Die meisten der von den Staaten erlassenen Gesetze zur Deliktsreform dienen dem Schutz von Gesundheitsdienstleistern. Einige wenige sind jedoch dazu bestimmt, die Hersteller von Arzneimitteln, Asbest oder anderen Produkten zu schützen. Während die Gesetze von Staat zu Staat variieren, erfordern sie in der Regel eines oder mehrere der folgenden Punkte:

  • Eliminierung der gesamtschuldnerischen Haftung (wobei eine Partei für Schäden haftbar gemacht werden kann, die gegen eine Gruppe von Mitbeklagten geltend gemacht werden).
  • Grenzen für nicht-wirtschaftliche Schäden. Dies sind Schäden, die für Verletzungen wie Schmerzen und Leiden, Entstellung und Demütigung gewährt werden. Nichtwirtschaftliche Schäden sind oft gesetzlich begrenzt, weil sie subjektiv sind. Sie sind eine Art Ausgleichsschaden.
  • Kürzung der Schadensvergütung, wenn der Kläger über andere Einnahmequellen verfügt, wie z.B. Arbeiterunfallleistungen oder Krankenversicherung.
  • Begrenzungen der Erfolgshonorare, die Anwälte erheben können
  • Eine Verjährungsfrist
  • Ein System, das es den Beklagten ermöglicht, wirtschaftlichen Schadenersatz in Raten und nicht auf einmal zu zahlen.
  • Eine Anforderung, dass Kläger und Beklagte versuchen, ihren Fall durch alternative Streitbeilegungsmethoden, wie Mediation oder Schiedsgerichtsbarkeit, zu lösen, bevor sie mit einer Klage fortfahren.
  • Gute samaritanische Bestimmungen, die Gesundheitsdienstleister vor Klagen aufgrund von Fehlern schützen und gleichzeitig freiwillig Notfallversorgung für Verletzte anbieten.
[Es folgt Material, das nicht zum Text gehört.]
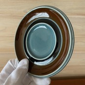 コンディション:ソーサー表面に小さい凹み・小さい突起による擦れ・浅い凹みがあり、少し多めの小傷があります。カップの側面に水垢のような薄いライン状のくもりがあり、持ち手内側には製造時の素地のしわによるラインがあります。素地のしわに関しては釉薬の下にあり亀裂ではないため価格への影響はございません。艶はあり大きなダメージも無く、良好なコンディションを保っています。

Medizinischer Kunstfehler: Tort Reform begann in den 1970er Jahren, als viele Staaten Gesetze verabschiedeten, um die Haftung von Gesundheitsdienstleistern zu begrenzen. Die Ansprüche wegen medizinischer Kunstfehler waren gestiegen, und mehrere Versicherer hatten aufgehört, eine Deckung zu schreiben. Der Exodus der Versicherer reduzierte die Verfügbarkeit von Deckungen und die Versicherungspreise stiegen in die Höhe. Einige Praktizierende konnten sich überhaupt nicht versichern. Um die Situation anzugehen, erließ der staatliche Gesetzgeber Gesetze, um die Größe und Anzahl der Ansprüche zu reduzieren. Ein Beispiel ist ein 1975 in Kalifornien verabschiedetes Gesetz namens Medical Injury Compensation Reform Act (MICRA).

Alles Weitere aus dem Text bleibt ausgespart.